### Action item
Retype the opening lines of the data exactly, stopping after the line that contains "This Friday all". Skip every picture.

### Provided material
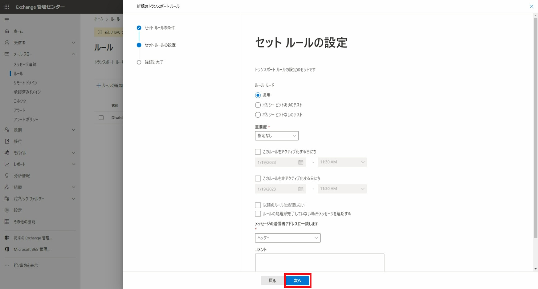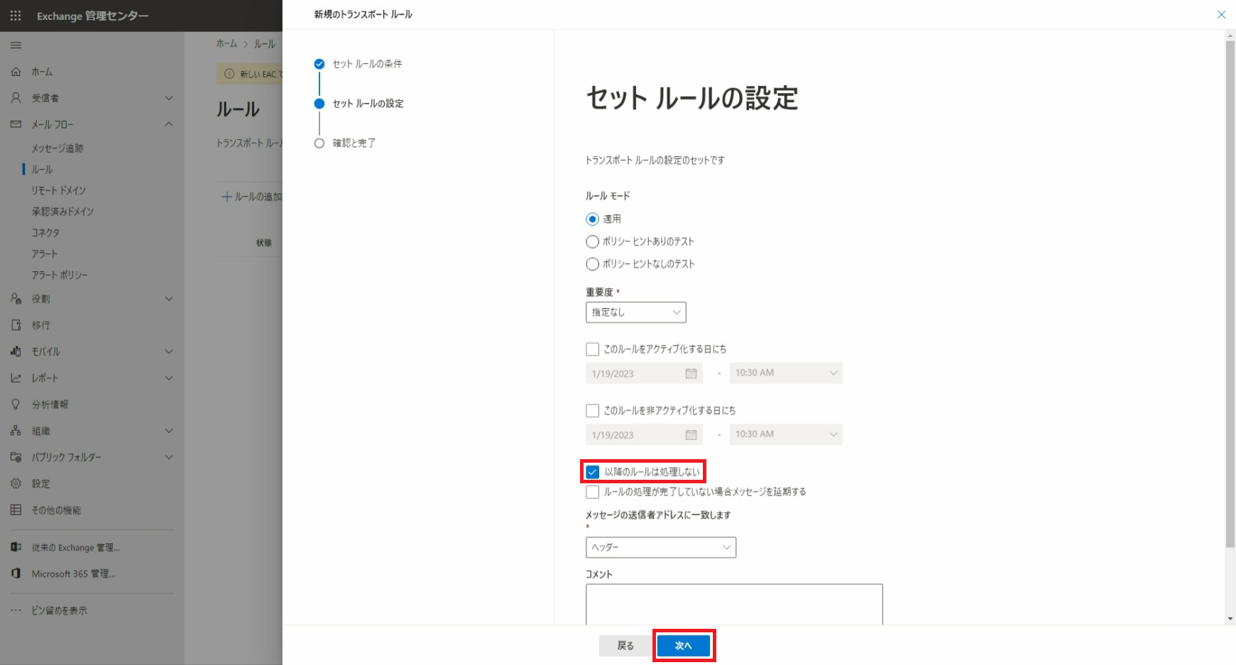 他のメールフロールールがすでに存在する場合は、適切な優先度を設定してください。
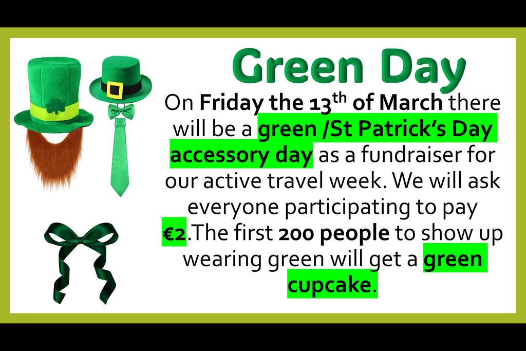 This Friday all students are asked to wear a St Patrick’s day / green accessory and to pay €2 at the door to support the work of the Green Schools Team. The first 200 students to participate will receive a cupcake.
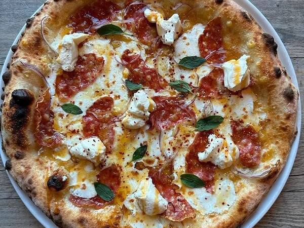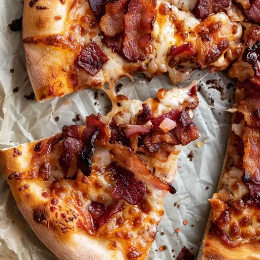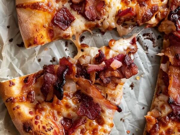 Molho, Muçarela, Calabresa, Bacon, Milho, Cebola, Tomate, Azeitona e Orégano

### Response to this task
 他のメールフロールールがすでに存在する場合は、適切な優先度を設定してください。
 This Friday all students are asked to wear a St Patrick’s day / green accessory and to pay €2 at the door to support the work of the Green Schools Team. The first 200 students to participate will receive a cupcake.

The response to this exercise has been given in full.